_PROBLEM REQUIREMENTS_
Each line below from the "The new Traxxas" line through the "طاولة الجلسة الارضية" line, those two included, must be restated word for word; the pictures must not be.

_PROVIDED INFORMATION_
BEGIN

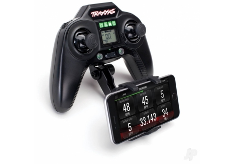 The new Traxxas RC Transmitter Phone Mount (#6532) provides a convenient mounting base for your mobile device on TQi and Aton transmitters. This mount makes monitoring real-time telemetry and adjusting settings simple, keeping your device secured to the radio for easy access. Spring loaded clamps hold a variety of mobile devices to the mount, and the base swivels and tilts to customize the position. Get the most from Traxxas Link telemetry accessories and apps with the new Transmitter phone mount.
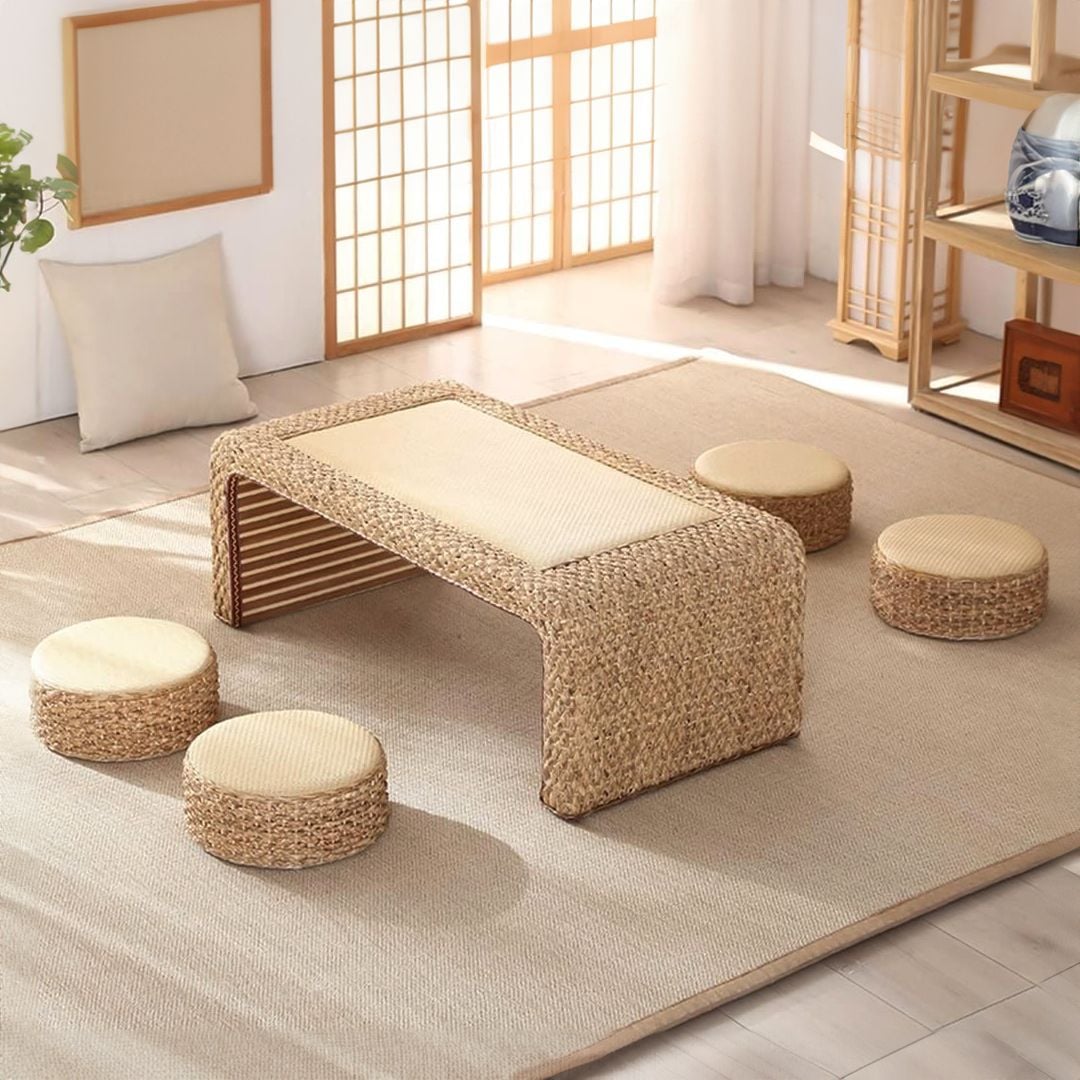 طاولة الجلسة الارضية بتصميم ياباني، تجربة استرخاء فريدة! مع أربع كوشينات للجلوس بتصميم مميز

END
BEGIN

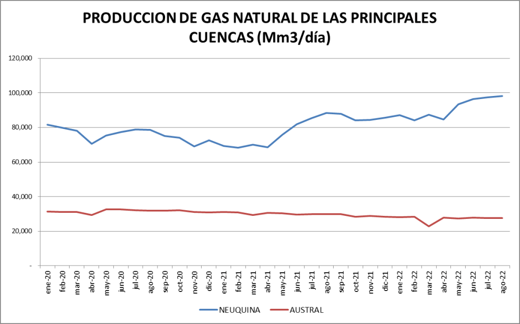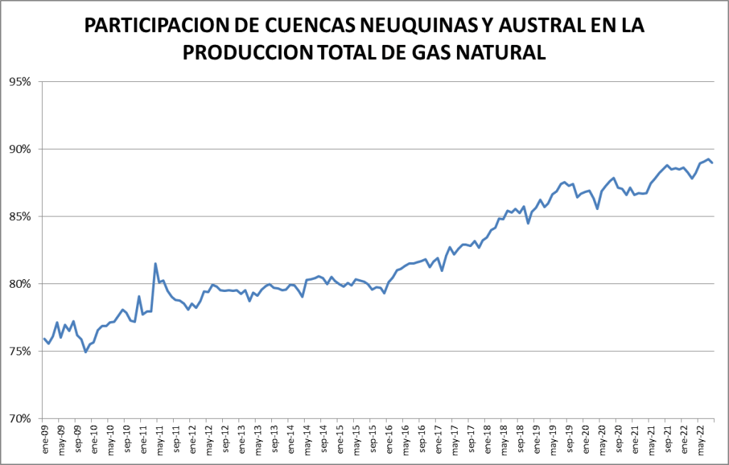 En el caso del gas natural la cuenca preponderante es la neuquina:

END

_REPLY TO THE EXERCISE_
 The new Traxxas RC Transmitter Phone Mount (#6532) provides a convenient mounting base for your mobile device on TQi and Aton transmitters. This mount makes monitoring real-time telemetry and adjusting settings simple, keeping your device secured to the radio for easy access. Spring loaded clamps hold a variety of mobile devices to the mount, and the base swivels and tilts to customize the position. Get the most from Traxxas Link telemetry accessories and apps with the new Transmitter phone mount.
 طاولة الجلسة الارضية بتصميم ياباني، تجربة استرخاء فريدة! مع أربع كوشينات للجلوس بتصميم مميز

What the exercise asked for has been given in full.